The data from the National Statistics Institute show the scale of the task still in front of the government if it is to put public finances back on a sustainable footing, despite an easing of bond market pressure in recent months.
Without economic growth, analysts say Madrid will struggle to get out from under a still-growing debt burden that has put it at the centre of the euro zone's debt crisis.
"These sharp falls leave a tough scenario for the first two quarters of this year.

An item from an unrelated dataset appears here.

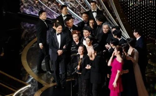El equipo completo de Parasite recibiendo el premio a Mejor Película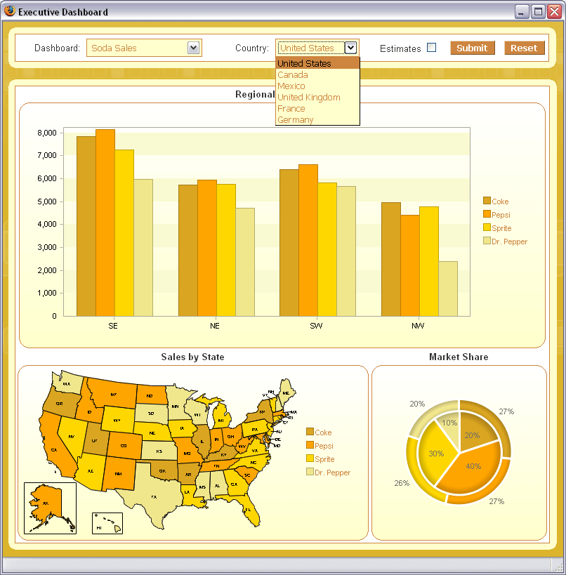 Long Description (76 Words) - Chart FX for Java is a Java component to produce charts in PNG, JPEG, SVG and FLASH formats. It supports J2EE 1.3 and 1.4, and J2SE 1.5. Chart FX for Java is available as a Server-side Bean and a JavaServer Faces component that runs on most popular Java Application Servers. It includes a free Designer, Netbeans and Eclipse Plug-ins, a Resource Center with the Programmers Guide, the Javadoc API and hundreds of samples, and the Chart FX Maps extension: a full library of dynamic maps to display any type of data graphically through your own custom maps.

The question is how market improvements can soften the falls, but it's still too early to tell," said Citigroup strategist Jose Luis Martinez.
The Bank of Spain says the return of international investors to Spain's battered debt market, has not translated into the real economy, although it has allowed the government to conduct a large chunk of its 2013 borrowing at the start of the year, potentially easing the pressure on it for months to come.
Spain's economy plunged back into recession in 2011 due to the fall-out from a burst property bubble and has struggled to emerge in a backdrop of heavy public and private spending cuts and unemployment of 26 percent.
The government expects the economy to grow again before the end of this year, but many economists say this is optimistic.
The preliminary GDP data on Wednesday was also worse than Bank of Spain figures released last week, which showed the economy contracted by 0.6 percent in the fourth quarter from the third and 1.7 percent on the year.
On an annual basis, GDP shrank 1.8 percent in the fourth quarter after a 1.6 percent decline in the third, INE said, worse than economists' forecasts for a 1.7 percent contraction.